▶ _Exercise brief_:
What's needed is an exact copy of all the data below, without pictures.

[Excerpted data]

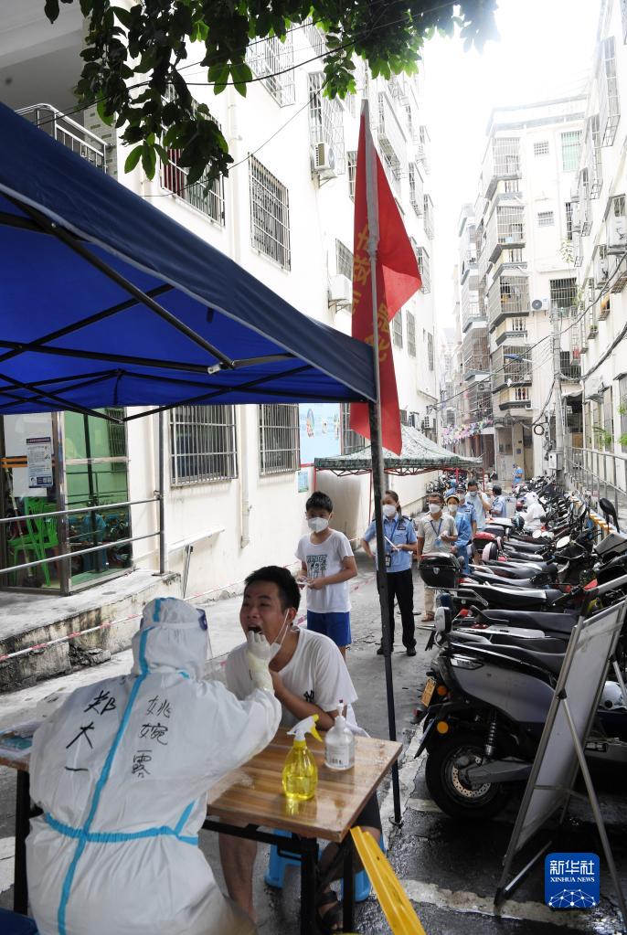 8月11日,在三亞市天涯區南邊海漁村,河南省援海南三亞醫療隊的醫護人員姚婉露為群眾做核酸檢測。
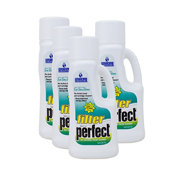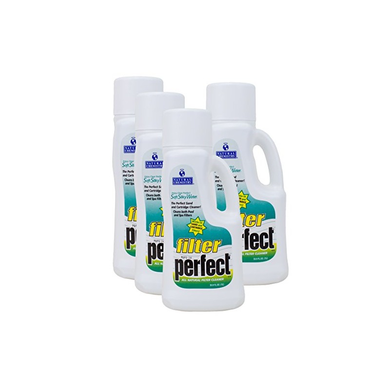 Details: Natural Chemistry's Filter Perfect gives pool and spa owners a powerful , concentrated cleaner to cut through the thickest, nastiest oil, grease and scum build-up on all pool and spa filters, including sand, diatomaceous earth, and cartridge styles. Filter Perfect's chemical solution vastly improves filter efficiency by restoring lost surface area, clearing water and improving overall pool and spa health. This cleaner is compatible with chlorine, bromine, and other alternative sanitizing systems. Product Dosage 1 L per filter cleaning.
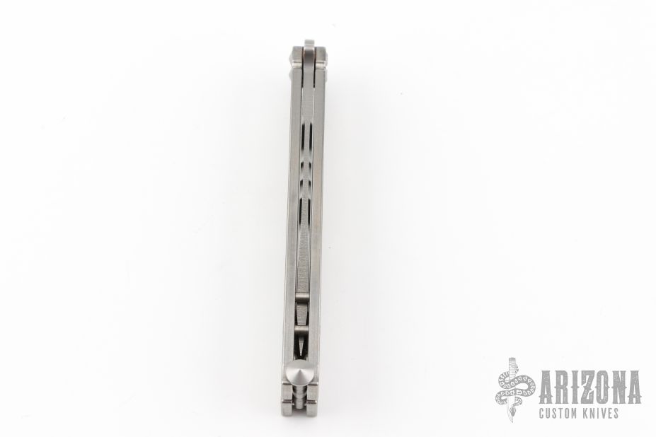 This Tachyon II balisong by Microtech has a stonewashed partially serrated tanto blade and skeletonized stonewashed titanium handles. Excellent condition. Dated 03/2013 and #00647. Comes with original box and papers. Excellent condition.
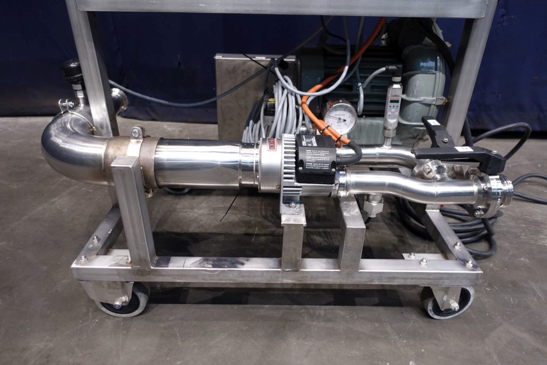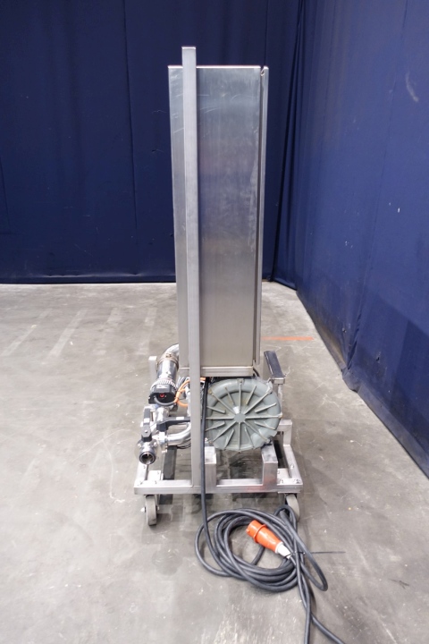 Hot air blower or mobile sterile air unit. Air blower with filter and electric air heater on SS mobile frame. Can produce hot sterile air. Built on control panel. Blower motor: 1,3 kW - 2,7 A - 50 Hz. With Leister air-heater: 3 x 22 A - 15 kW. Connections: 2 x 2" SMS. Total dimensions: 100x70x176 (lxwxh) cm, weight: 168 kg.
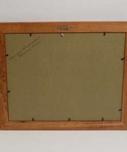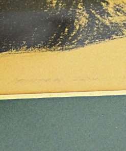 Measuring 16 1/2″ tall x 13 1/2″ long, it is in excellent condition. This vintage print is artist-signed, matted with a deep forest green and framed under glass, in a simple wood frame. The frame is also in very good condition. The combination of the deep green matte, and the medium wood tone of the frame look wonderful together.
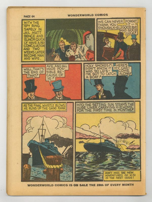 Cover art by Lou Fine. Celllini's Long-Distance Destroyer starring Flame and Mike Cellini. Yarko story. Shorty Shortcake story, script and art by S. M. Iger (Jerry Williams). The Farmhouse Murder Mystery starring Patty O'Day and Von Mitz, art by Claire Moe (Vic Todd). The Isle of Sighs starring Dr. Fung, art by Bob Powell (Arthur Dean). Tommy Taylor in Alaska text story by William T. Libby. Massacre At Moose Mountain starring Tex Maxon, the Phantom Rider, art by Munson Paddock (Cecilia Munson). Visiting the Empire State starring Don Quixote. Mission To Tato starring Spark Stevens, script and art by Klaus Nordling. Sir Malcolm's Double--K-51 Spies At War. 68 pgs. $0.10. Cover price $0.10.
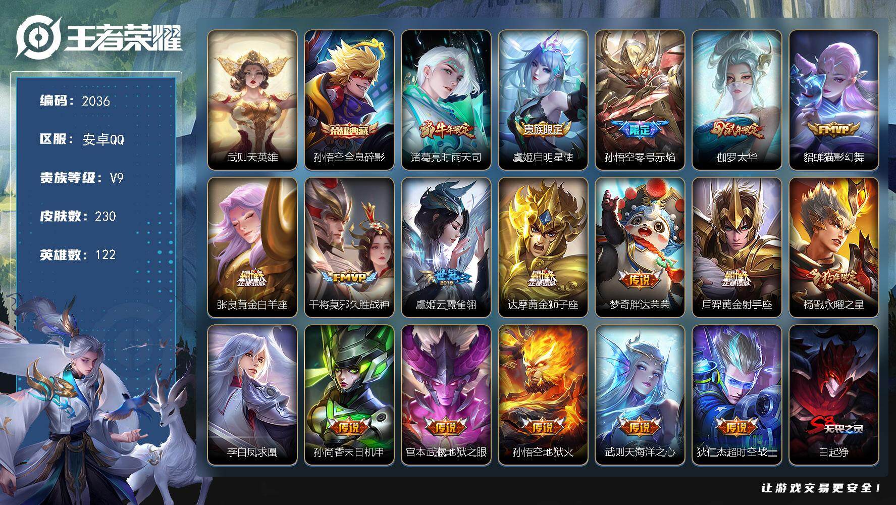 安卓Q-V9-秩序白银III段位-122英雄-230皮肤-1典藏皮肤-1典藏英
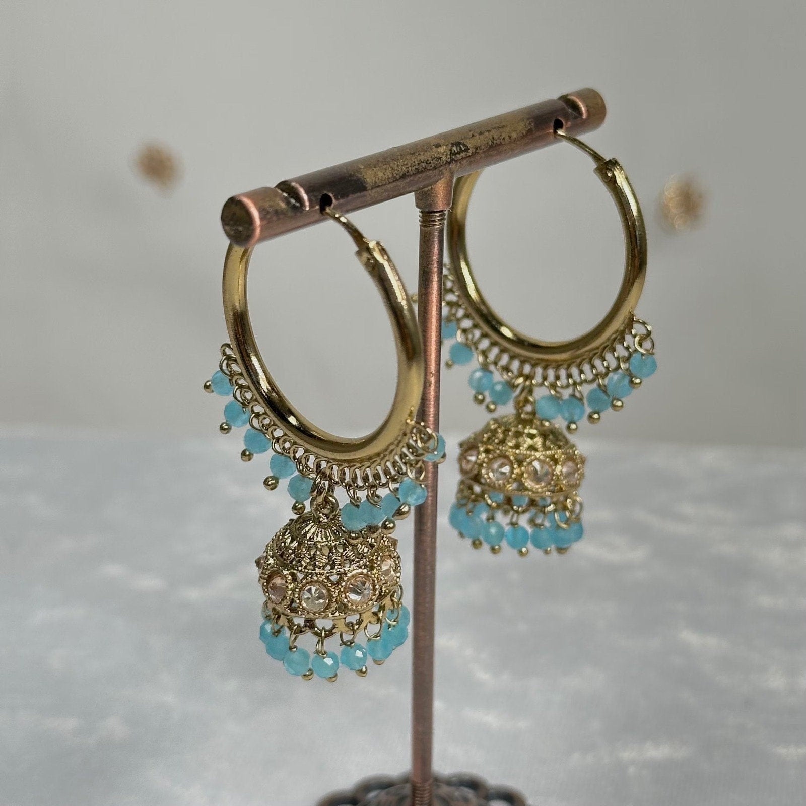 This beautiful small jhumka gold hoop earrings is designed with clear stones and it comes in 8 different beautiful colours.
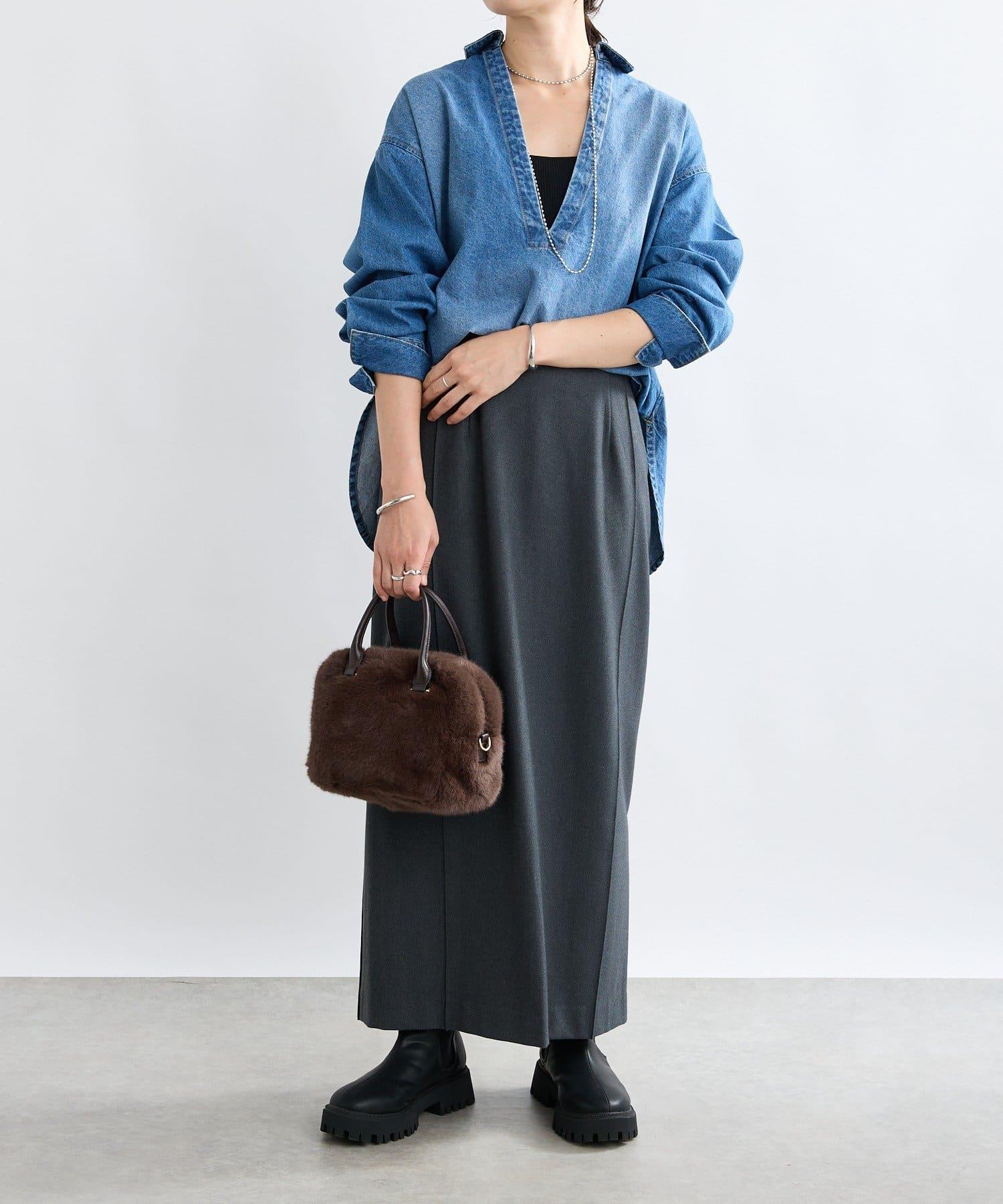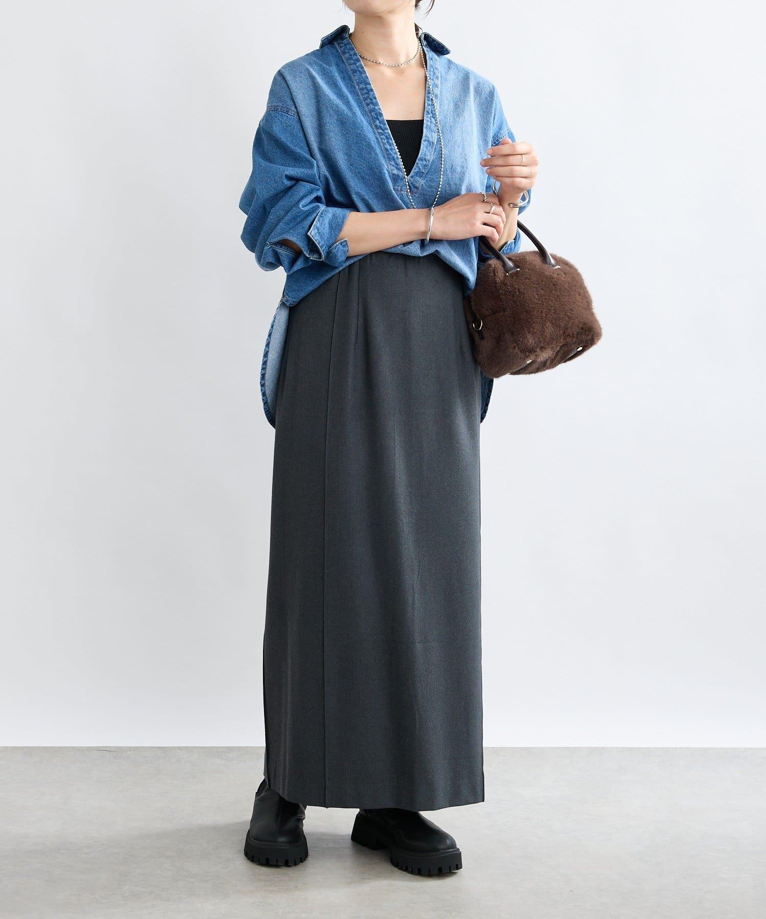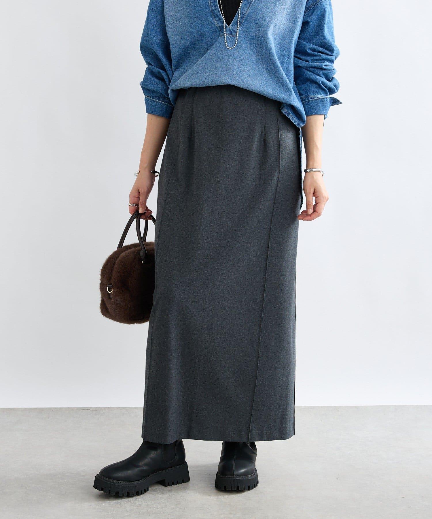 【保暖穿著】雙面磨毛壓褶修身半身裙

[/Excerpted data]

▶ _Result_:
 8月11日,在三亞市天涯區南邊海漁村,河南省援海南三亞醫療隊的醫護人員姚婉露為群眾做核酸檢測。
 Details: Natural Chemistry's Filter Perfect gives pool and spa owners a powerful , concentrated cleaner to cut through the thickest, nastiest oil, grease and scum build-up on all pool and spa filters, including sand, diatomaceous earth, and cartridge styles. Filter Perfect's chemical solution vastly improves filter efficiency by restoring lost surface area, clearing water and improving overall pool and spa health. This cleaner is compatible with chlorine, bromine, and other alternative sanitizing systems. Product Dosage 1 L per filter cleaning.
 This Tachyon II balisong by Microtech has a stonewashed partially serrated tanto blade and skeletonized stonewashed titanium handles. Excellent condition. Dated 03/2013 and #00647. Comes with original box and papers. Excellent condition.
 Hot air blower or mobile sterile air unit. Air blower with filter and electric air heater on SS mobile frame. Can produce hot sterile air. Built on control panel. Blower motor: 1,3 kW - 2,7 A - 50 Hz. With Leister air-heater: 3 x 22 A - 15 kW. Connections: 2 x 2" SMS. Total dimensions: 100x70x176 (lxwxh) cm, weight: 168 kg.
 Measuring 16 1/2″ tall x 13 1/2″ long, it is in excellent condition. This vintage print is artist-signed, matted with a deep forest green and framed under glass, in a simple wood frame. The frame is also in very good condition. The combination of the deep green matte, and the medium wood tone of the frame look wonderful together.
 Cover art by Lou Fine. Celllini's Long-Distance Destroyer starring Flame and Mike Cellini. Yarko story. Shorty Shortcake story, script and art by S. M. Iger (Jerry Williams). The Farmhouse Murder Mystery starring Patty O'Day and Von Mitz, art by Claire Moe (Vic Todd). The Isle of Sighs starring Dr. Fung, art by Bob Powell (Arthur Dean). Tommy Taylor in Alaska text story by William T. Libby. Massacre At Moose Mountain starring Tex Maxon, the Phantom Rider, art by Munson Paddock (Cecilia Munson). Visiting the Empire State starring Don Quixote. Mission To Tato starring Spark Stevens, script and art by Klaus Nordling. Sir Malcolm's Double--K-51 Spies At War. 68 pgs. $0.10. Cover price $0.10.
 安卓Q-V9-秩序白银III段位-122英雄-230皮肤-1典藏皮肤-1典藏英
 This beautiful small jhumka gold hoop earrings is designed with clear stones and it comes in 8 different beautiful colours.
 【保暖穿著】雙面磨毛壓褶修身半身裙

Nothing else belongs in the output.